A Kolmogorov–Smirnov test was conducted to test the normality of the data, and the data were deemed to be non-normally distributed (Kolmogorov–Smirnov test, all parameters p < 0.001).
Therefore, paired comparisons were made using the Wilcoxon signed-rank test, unpaired comparisons were made using the Mann–Whitney U test, and non-parametric relationships between variables were assessed using the two-tailed Spearman’s rank correlation coefficient.
To assess agreement between TBUT measurement techniques, Bland–Altman plots were constructed using the difference between paired measurements plotted against their median. The non-normal distribution of the data makes the median a more robust indicator of central tendency [18]. Non-parametric limits of agreement (LOA) were defined as the 2.5th and 97.5th percentiles of the differences, providing a distribution-agnostic estimate of agreement boundaries [19,20,21,22,23].

3. Results

Data was collected from 379 patients (52% male, mean age 48.1 (standard deviation (SD) = 13.6), and range 20–77 years) attending a private ophthalmology clinic in Belfast, Northern Ireland. Median and interquartile range (IQR) for the first NIBUT, average NIBUT, and FBUT for the right and left eyes are presented in Table 1. There was a statistically significant difference between the right FBUT and right first NIBUT (Z = −13.822, p < 0.001); right FBUT and right average NIBUT (Z = −15.887, p < 0.001); left FBUT and left first NIBUT (Z = −14.343, p < 0.001); and left FBUT and left average NIBUT (Z = −16.063, p < 0.001).
The difference between NIBUT and FBUT, the median of NIBUT and FBUT, and comparison of these values are displayed in Table 2.

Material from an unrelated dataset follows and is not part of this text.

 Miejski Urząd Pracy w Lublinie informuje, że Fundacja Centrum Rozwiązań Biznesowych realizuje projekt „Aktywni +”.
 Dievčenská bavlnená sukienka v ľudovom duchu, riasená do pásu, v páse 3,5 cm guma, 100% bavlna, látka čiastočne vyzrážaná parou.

Figure 1 displays Bland–Altman plots for non-normally distributed data with Difference (NIBUT-FBUT) versus Median (NIBUT and FBUT) for both first and average NIBUT for the right and left eyes. There was a statistically significant correlation between NIBUT and FBUT for right (ρ = 0.822, p < 0.001) and left (ρ = 0.738, p < 0.001) eyes, and between NIBUT and FBUT for right (ρ = 0.799, p < 0.001) and left (ρ = 0.692, p < 0.001) eyes, with large effect sizes, where correlation coefficients of 0.1, 0.3, and 0.5 represent estimates of small, medium, and large size effects, respectively [24]. The Bland–Altman plots demonstrated a trend of increasing differences with higher median values, indicating proportional bias.
There was a statistically significant negative correlation between age and right first NIBUT, right FBUT, and left FBUT, as displayed in Table 3, with older participants exhibiting shorter tear break-up time (TBUT) with small to medium effect sizes. There was no statistically significant relationship between age and either right average NIBUT, left first NIBUT, or left average NIBUT.

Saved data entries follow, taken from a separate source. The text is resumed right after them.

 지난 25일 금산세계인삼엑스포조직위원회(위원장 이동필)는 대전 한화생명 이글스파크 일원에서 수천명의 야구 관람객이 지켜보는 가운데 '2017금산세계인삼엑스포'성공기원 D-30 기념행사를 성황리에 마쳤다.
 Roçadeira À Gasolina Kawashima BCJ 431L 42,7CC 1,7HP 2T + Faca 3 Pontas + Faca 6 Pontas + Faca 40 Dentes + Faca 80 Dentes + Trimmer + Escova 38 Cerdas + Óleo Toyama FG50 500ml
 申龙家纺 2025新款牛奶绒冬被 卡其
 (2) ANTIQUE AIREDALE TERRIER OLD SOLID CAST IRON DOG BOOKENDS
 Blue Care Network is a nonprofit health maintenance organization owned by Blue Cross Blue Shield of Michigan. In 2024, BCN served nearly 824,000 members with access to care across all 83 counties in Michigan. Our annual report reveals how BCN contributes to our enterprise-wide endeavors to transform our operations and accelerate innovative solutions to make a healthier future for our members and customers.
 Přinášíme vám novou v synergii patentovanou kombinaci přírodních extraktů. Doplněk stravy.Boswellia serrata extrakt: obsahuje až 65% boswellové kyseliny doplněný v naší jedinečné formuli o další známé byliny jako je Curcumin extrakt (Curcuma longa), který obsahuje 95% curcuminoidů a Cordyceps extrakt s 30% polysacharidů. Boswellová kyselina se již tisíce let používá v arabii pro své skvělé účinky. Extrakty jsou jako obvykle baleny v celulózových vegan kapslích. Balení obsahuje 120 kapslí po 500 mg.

There was a statistically significant relationship (p < 0.001) between sex and each measure of tear stability (right first NIBUT, right average NIBUT, left first NIBUT, left average NIBUT, right FBUT, and left FBUT) as presented in Table 3, with small to medium effect sizes, such that females have a shorter TBUT than males.

4. Discussion

The significant discrepancy found between FBUT and NIBUT values suggests that a single diagnostic cut-off value, such as the commonly used 10 s [6,13], cannot be applied to both tests. This is in line with other studies, which found mean values of 7.6 ± 10.4 s for FBUT and mean differences of 3.7 ± 12 s between NIBUT and FBUT [25] and 8.6 s for FBUT and 10.9 s for NIBUT [7].

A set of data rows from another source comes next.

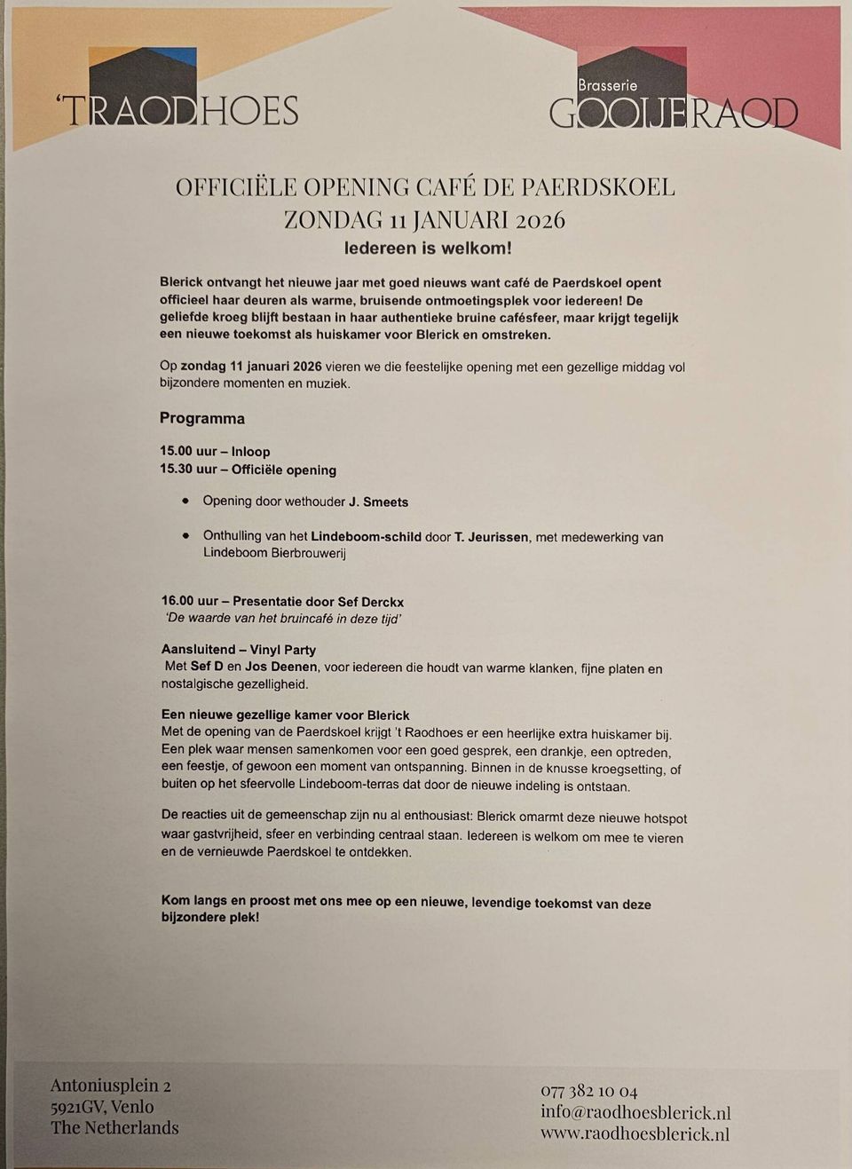 UITNODIGING!! Officiële opening De Paerdskoel op zondag 11 januari 2026 IEDEREEN IS WELKOM! Zondag 11 januari vieren we de feestelijke opening met een gezellig middag vol bijzondere momenten en muziek. Programma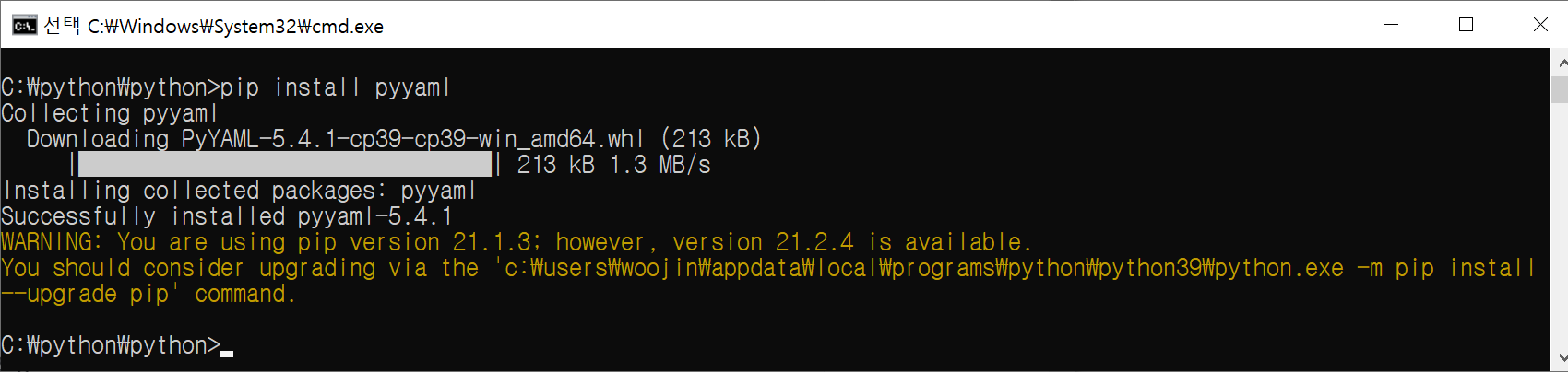 python에서 yaml 파일을 다루기 위해서는 아리 명령을 통해 pyyaml 을 설치해야한다.
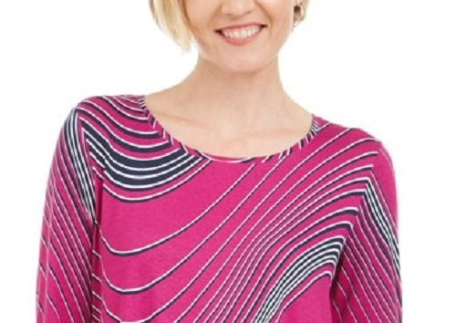 JM Collection Women's Swirl-Print 3/4-Sleeve T-Shirt Pink Size Small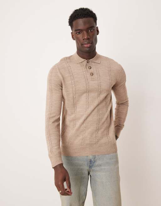 ASOS DESIGN knit polo sweater with cable knit stripes in stone

The relationship between NIBUT and FBUT is contentiously reported in the literature, with several reporting that they are equivalent values [26,27,28] and others reporting a significant difference inverse to this study with FBUT longer than NIBUT [27,29,30,31]. Other publications report, as confirmed by this study, that the values obtained by both tests are significantly different, with FBUT shorter than NIBUT [7,9,10,11,14,25,32,33,34,35,36]. These conflicting reports, where FBUT is longer than NIBUT, may be due to a difference in methodology. For example, some studies measure tear break-up time in real time using a stopwatch, as in the current study, while other use video recordings. Additionally, the volume of fluorescein instilled can vary significantly. Some studies use a controlled volume (e.g., 2 µL) of fluorescein instilled [31], whereas this study used a standard minim drop, (25–75 µL [37]), reflecting a real-world clinical environment where measuring a more restricted volume is not practical. However, other studies have found no difference in FBUT values for normal individuals (or those with aqueous deficient DED) with different instillation volumes of fluorescein [4]. Alternative reasons for this disparity may be due to the subjective nature of FBUT or the different instruments used to measure NIBUT that have been shown not to be equivalent [14,29,33,38,39,40]. Some have found that NIBUT is longer than FBUT independent of the instrument used [33].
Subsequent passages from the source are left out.